ACTIVITY - Return the data below exactly, but only from the line containing "Half table and" through the line containing "良策集团先后获得荣誉奖项有:中国自主创新", with both of those lines included.

RAW DATA -
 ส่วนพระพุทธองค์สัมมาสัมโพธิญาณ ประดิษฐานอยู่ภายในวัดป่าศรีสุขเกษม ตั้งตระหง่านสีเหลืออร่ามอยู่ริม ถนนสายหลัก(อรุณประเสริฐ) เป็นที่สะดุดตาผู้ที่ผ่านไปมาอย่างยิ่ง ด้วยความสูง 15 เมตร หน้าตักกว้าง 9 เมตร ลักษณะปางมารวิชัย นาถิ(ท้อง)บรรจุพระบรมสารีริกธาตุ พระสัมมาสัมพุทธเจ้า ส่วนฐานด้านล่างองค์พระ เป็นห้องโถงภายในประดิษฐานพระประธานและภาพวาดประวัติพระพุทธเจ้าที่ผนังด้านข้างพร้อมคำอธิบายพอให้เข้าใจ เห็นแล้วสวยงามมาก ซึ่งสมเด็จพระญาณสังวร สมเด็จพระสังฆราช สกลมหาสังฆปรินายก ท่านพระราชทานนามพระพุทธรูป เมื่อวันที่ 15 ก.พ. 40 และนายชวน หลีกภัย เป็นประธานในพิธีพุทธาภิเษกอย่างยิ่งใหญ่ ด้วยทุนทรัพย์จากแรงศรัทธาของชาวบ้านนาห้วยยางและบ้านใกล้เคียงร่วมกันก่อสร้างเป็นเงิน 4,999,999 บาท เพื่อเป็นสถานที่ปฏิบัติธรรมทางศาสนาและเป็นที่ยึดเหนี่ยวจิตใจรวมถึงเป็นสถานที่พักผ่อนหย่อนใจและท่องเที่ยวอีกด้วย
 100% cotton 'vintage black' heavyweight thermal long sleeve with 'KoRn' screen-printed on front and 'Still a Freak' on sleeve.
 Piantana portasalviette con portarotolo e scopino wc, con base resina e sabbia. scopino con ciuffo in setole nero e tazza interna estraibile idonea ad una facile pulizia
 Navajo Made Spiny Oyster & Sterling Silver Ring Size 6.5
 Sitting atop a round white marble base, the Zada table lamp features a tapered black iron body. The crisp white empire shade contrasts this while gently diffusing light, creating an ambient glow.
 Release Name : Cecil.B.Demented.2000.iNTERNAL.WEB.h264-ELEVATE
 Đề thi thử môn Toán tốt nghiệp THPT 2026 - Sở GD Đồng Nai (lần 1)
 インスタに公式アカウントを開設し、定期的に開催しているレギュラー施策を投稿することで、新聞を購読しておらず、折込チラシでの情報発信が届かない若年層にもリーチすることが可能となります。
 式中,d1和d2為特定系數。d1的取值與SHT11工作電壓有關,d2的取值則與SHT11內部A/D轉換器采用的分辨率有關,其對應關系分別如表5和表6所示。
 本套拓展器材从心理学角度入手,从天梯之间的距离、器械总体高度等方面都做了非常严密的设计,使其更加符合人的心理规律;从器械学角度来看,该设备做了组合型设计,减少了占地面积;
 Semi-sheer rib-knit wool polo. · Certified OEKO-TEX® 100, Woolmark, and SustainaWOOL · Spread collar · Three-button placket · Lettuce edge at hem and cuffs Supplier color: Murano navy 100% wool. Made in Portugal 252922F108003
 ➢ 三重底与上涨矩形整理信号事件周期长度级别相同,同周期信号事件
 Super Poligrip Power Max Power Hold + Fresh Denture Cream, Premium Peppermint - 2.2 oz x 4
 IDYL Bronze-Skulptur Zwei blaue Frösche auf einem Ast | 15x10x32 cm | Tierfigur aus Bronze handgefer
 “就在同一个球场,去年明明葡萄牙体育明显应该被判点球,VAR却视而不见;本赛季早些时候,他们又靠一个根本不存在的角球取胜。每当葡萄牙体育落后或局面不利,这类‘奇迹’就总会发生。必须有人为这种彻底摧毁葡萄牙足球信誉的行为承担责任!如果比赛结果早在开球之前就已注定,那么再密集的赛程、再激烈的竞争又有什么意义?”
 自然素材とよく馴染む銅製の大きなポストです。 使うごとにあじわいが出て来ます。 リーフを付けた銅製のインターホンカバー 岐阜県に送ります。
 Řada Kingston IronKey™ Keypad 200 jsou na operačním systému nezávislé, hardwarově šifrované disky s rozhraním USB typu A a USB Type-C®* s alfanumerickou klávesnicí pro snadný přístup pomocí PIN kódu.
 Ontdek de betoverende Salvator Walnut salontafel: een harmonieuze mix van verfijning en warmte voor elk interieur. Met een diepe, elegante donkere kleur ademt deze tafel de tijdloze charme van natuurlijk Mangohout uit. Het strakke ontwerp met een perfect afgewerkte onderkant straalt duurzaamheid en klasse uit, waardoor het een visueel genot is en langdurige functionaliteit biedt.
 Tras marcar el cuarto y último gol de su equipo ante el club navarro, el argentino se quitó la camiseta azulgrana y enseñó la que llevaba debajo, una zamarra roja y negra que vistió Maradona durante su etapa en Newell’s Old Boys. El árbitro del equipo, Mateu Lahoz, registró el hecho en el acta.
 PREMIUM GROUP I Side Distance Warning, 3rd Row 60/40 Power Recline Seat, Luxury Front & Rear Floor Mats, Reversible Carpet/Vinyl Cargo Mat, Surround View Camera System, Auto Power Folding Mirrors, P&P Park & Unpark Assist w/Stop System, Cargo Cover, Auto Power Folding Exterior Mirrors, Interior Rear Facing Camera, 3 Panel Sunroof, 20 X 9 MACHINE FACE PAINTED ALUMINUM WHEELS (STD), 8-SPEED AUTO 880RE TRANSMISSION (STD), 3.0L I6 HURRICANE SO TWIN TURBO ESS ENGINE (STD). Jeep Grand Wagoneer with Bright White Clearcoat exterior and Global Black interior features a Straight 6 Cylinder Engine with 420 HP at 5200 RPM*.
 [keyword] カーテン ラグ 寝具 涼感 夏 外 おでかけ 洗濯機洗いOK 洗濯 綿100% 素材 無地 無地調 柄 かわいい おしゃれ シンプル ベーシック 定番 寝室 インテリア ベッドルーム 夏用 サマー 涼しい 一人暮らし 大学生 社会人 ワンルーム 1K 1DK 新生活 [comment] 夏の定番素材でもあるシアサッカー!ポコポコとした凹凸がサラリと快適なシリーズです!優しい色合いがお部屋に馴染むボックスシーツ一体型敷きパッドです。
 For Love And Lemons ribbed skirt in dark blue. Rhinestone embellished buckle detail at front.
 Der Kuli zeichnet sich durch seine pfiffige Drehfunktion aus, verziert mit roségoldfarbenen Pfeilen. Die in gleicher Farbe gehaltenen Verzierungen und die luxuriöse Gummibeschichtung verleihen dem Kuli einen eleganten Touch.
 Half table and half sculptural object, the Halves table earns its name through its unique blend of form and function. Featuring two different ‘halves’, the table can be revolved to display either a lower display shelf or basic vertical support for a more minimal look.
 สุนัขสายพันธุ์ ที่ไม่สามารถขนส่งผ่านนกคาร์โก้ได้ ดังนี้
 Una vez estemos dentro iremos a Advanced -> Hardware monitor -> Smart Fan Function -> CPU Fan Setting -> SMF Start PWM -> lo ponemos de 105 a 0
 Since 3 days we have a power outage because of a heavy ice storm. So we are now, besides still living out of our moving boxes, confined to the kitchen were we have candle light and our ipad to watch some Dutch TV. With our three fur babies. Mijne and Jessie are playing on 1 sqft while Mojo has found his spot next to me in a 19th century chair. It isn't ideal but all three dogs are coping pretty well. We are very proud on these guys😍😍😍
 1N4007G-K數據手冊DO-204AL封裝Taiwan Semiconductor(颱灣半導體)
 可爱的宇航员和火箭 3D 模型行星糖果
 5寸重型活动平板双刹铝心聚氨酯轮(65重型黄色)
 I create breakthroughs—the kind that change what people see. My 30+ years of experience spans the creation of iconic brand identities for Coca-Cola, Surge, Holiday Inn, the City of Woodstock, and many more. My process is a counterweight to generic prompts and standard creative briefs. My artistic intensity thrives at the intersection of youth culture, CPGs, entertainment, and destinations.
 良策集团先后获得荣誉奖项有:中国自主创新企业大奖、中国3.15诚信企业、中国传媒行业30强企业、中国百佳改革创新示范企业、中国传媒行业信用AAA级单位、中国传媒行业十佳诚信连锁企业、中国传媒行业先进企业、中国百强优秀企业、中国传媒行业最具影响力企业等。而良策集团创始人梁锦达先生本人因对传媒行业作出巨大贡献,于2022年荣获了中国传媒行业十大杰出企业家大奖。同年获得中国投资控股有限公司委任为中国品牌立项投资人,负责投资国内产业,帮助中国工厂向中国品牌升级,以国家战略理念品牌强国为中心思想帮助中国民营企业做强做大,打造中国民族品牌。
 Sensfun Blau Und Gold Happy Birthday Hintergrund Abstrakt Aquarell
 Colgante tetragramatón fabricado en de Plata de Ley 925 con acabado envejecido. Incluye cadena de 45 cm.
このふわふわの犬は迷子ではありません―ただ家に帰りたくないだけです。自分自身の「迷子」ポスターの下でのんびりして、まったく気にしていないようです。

EXPECTED OUTPUT -
 Half table and half sculptural object, the Halves table earns its name through its unique blend of form and function. Featuring two different ‘halves’, the table can be revolved to display either a lower display shelf or basic vertical support for a more minimal look.
 สุนัขสายพันธุ์ ที่ไม่สามารถขนส่งผ่านนกคาร์โก้ได้ ดังนี้
 Una vez estemos dentro iremos a Advanced -> Hardware monitor -> Smart Fan Function -> CPU Fan Setting -> SMF Start PWM -> lo ponemos de 105 a 0
 Since 3 days we have a power outage because of a heavy ice storm. So we are now, besides still living out of our moving boxes, confined to the kitchen were we have candle light and our ipad to watch some Dutch TV. With our three fur babies. Mijne and Jessie are playing on 1 sqft while Mojo has found his spot next to me in a 19th century chair. It isn't ideal but all three dogs are coping pretty well. We are very proud on these guys😍😍😍
 1N4007G-K數據手冊DO-204AL封裝Taiwan Semiconductor(颱灣半導體)
 可爱的宇航员和火箭 3D 模型行星糖果
 5寸重型活动平板双刹铝心聚氨酯轮(65重型黄色)
 I create breakthroughs—the kind that change what people see. My 30+ years of experience spans the creation of iconic brand identities for Coca-Cola, Surge, Holiday Inn, the City of Woodstock, and many more. My process is a counterweight to generic prompts and standard creative briefs. My artistic intensity thrives at the intersection of youth culture, CPGs, entertainment, and destinations.
 良策集团先后获得荣誉奖项有:中国自主创新企业大奖、中国3.15诚信企业、中国传媒行业30强企业、中国百佳改革创新示范企业、中国传媒行业信用AAA级单位、中国传媒行业十佳诚信连锁企业、中国传媒行业先进企业、中国百强优秀企业、中国传媒行业最具影响力企业等。而良策集团创始人梁锦达先生本人因对传媒行业作出巨大贡献,于2022年荣获了中国传媒行业十大杰出企业家大奖。同年获得中国投资控股有限公司委任为中国品牌立项投资人,负责投资国内产业,帮助中国工厂向中国品牌升级,以国家战略理念品牌强国为中心思想帮助中国民营企业做强做大,打造中国民族品牌。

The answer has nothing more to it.